Rui Ramos
Catarina Martins não está arrependida,
tal como Jerónimo de Sousa não está arrependido. Não têm uma única razão para
isso. A actual maioria parlamentar foi a maior vitória política do PCP e do BE.
Catarina Martins disse algures
que todos os dias se arrependia da “geringonça”, e a imprensa comoveu-se. Sem
razão. Catarina Martins não está arrependida, tal como Jerónimo de Sousa não
está arrependido. Não têm uma única razão para isso. A actual maioria parlamentar
corresponde ao que o PCP e os partidos que depois engendraram o Bloco de
Esquerda propõem desde 1976. Foi a sua maior vitória política em quarenta anos.
Em 1975, contra a influência
militar do PCP e da “extrema-esquerda”, formou-se em Portugal uma maioria a
favor de uma democracia de tipo ocidental, no quadro da NATO e da integração
europeia. Essa maioria era composta à direita pelo PSD e CDS, e à esquerda pelo
PS. Perante esta maioria democrática, o PCP e depois a extrema-esquerda
desenvolveram duas tácticas: uma consistiu em salvaguardar a ascendência
militar no regime, colando-se ao Conselho da Revolução e ao presidente Eanes,
apesar do papel de Eanes na derrota do militarismo pró-comunista em 1975;
outra, foi a de separar o PS da maioria democrática, aliciando-o para uma
“maioria de esquerda”.
Foi esta segunda táctica que
finalmente resultou no Outono de 2015. O PCP e o BE jaziam então numa situação
crítica.
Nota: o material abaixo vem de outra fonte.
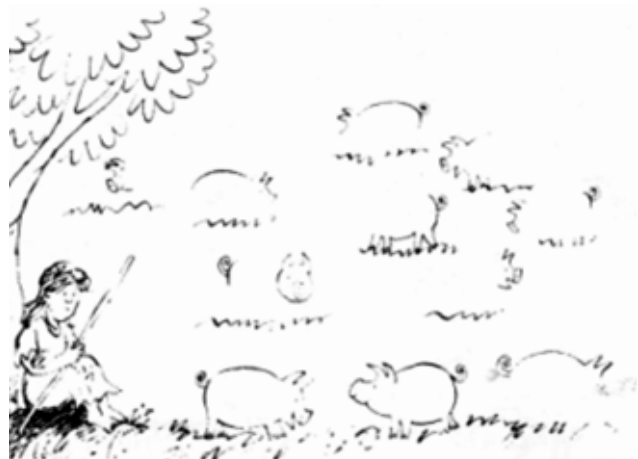
A tékozló fiú disznókat őriz. Egészsítsd ki a képet

Ez a történet megtanít bennünket arra, hogy nem csak akkor kell értékelnünk az életünk értékes dolgait, amikor már elveszítettük ezeket, hanem akkor is, amikor még megvannak. Használjuk tehát az életünket arra, amire az Isten adta, hogy megismerjük őt, hogy közel kerüljünk hozzá.

A contestação à “austeridade” não os fizera crescer como o Syriza na
Grécia ou o Podemos em Espanha. O sindicalismo comunista declinava. Mas se as
razões para uma aliança eram boas, as condições foram ainda melhores: o PCP e o
BE não tiveram de renegar nada, e precisaram apenas de se calar sobre alguns
assuntos. Em contrapartida, o PCP salvou os seus sindicatos e voltou a
controlar um ministério, e o BE tem agora um juiz no Tribunal Constitucional.
Perante os partidos da
esquerda democrática, os caminhos dos revolucionários são variados. Na Grécia e
na Espanha, tentaram substituí-los. Na Grã-Bretanha, preferiram tomar por
dentro o Partido Trabalhista. Em Portugal, colaram-se ao PS, aproveitando a
derrota eleitoral de António Costa. Conseguiram assim, até ver, começar a
separar o PS da maioria democrática. O PS partilha hoje a visão que o PCP e o
BE têm do PSD e do CDS, como partidos a excluir. É como se a Frente Nacional,
em França, tivesse destruído a “maioria republicana” que até agora a tem
impedido, não só de chegar ao governo, mas até ao parlamento.
Porque é que tanta gente
admitiu o arrependimento de Martins? Porque ainda é corrente a ideia do PCP e
do BE como “partidos de protesto”, cheios de pruridos perante o poder. É um
equívoco. O PCP e o BE têm sido partidos de protesto porque os eleitores e, até
agora, os outros partidos, não lhes têm deixado ser outra coisa. Mas o protesto
é circunstancial. A sua referência — do PCP e dos partidos que compõem o BE — é
a tradição leninista, que fez do poder a questão central para os
revolucionários. Tudo lhes foi sempre teoricamente permitido para infiltrarem o
Estado. Nada no que Sousa ou Martins fizeram envergonharia os seus mestres
soviéticos.
Tivemos coligações de governo
de partidos muitos alinhados em cena, mas que ameaçaram frequentemente quebrar
nos bastidores, como a de Passos Coelho em Julho de 2013. O actual arranjo
parlamentar funciona de outra maneira: ruídos em palco, entendimento nos
camarins. Nenhum arrependimento vai desmontar a geringonça. Para o país, um
governo dependente do PCP e do BE significa que a austeridade continua, porque
não lhes interessa renunciar ao dinheiro do BCE, mas que nenhuma das mudanças
de contexto, daquelas que poderiam animar a economia, será efectuada. Mas disso
é que eles certamente não estão arrependidos.